---------- Data excerpt

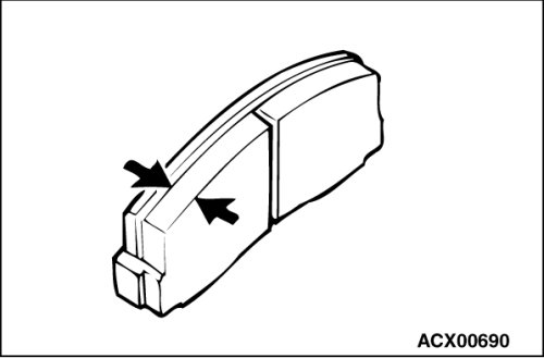 2. Replace the pad assembly if pad thickness is less than the limit value.
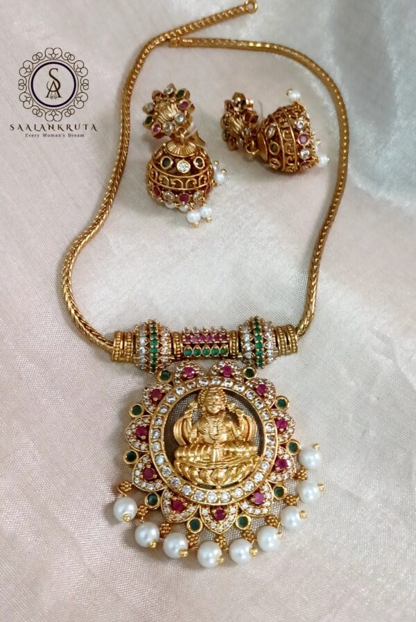 mat finishing gold platted adigae with lakshmi and jumuka is very cute simple suit to all age categories
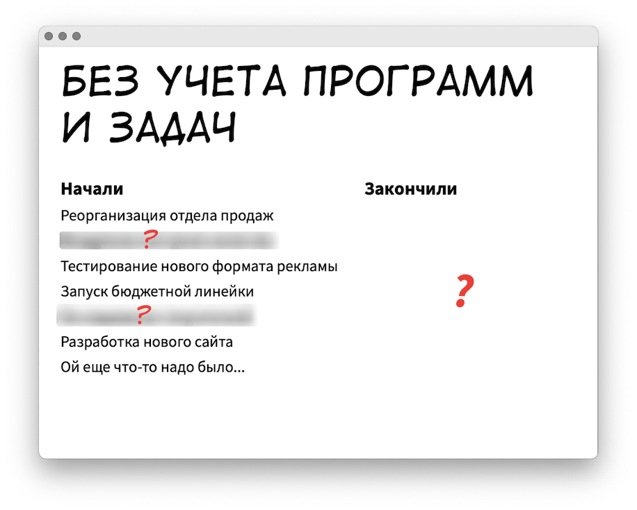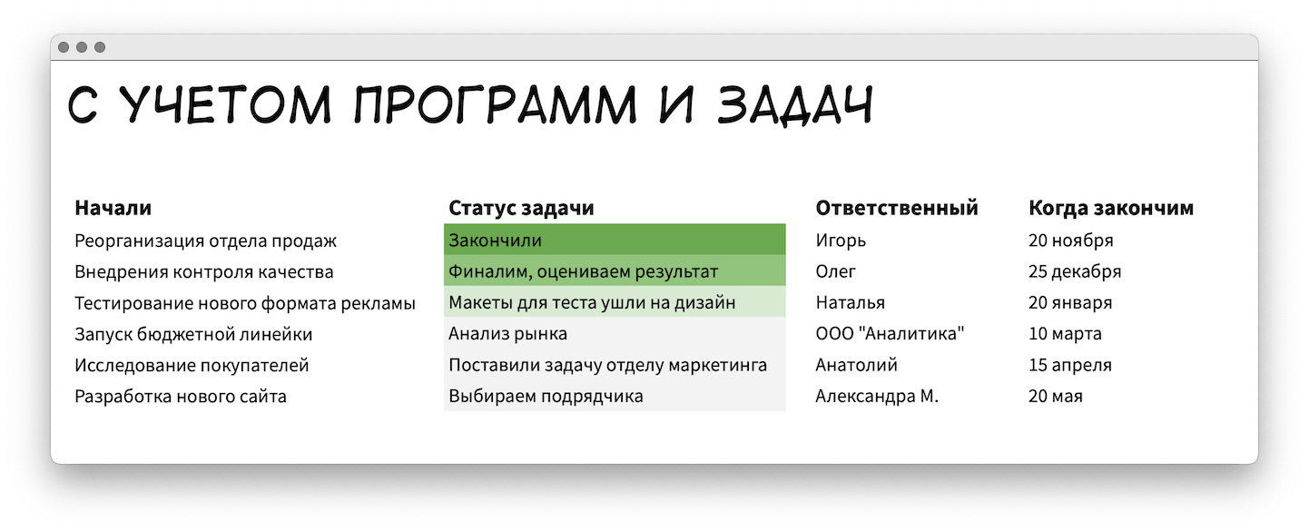 Совет. Вести учет программ. Чтобы четко понимать, что сейчас у компании в работе и что уже было сделано, нужно вести учет программ и больших задач. Программы — это активности, которые направлены на то, чтобы компания переходила на новый уровень, например:
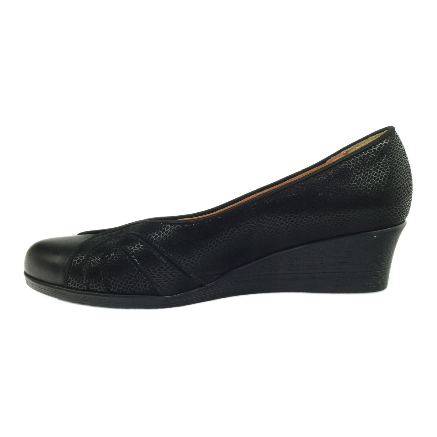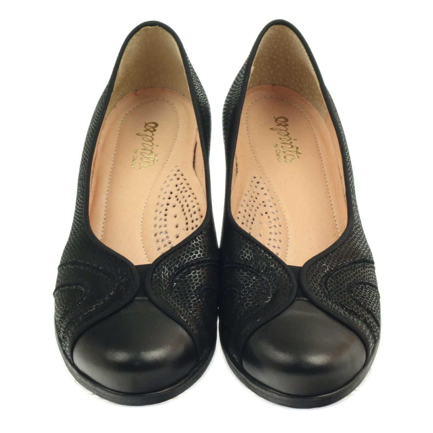 Espinton mustat kiilapumput ovat täydellinen yhdistelmä eleganssia ja mukavuutta. Malli wz.232, joka on omistettu naisille, jotka arvostavat sekä tyyliä että mukavuutta, tekee vaikutuksen klassisella muodollaan ja huolellisella työstöllä luonnollisesta, kohokuvioidusta nahasta. 4,5 cm korkea kiila lisää hienovaraista maustetta ja varmistaa samalla vakauden ja mukavuuden jokapäiväisessä käytössä.

--------------------

How to complete this task | Leave the pictures out and retype only the lines from the line with "Совет. Вести учет" through the final line of the material, both ends included, word for word.

Worked solution |
 Совет. Вести учет программ. Чтобы четко понимать, что сейчас у компании в работе и что уже было сделано, нужно вести учет программ и больших задач. Программы — это активности, которые направлены на то, чтобы компания переходила на новый уровень, например:
 Espinton mustat kiilapumput ovat täydellinen yhdistelmä eleganssia ja mukavuutta. Malli wz.232, joka on omistettu naisille, jotka arvostavat sekä tyyliä että mukavuutta, tekee vaikutuksen klassisella muodollaan ja huolellisella työstöllä luonnollisesta, kohokuvioidusta nahasta. 4,5 cm korkea kiila lisää hienovaraista maustetta ja varmistaa samalla vakauden ja mukavuuden jokapäiväisessä käytössä.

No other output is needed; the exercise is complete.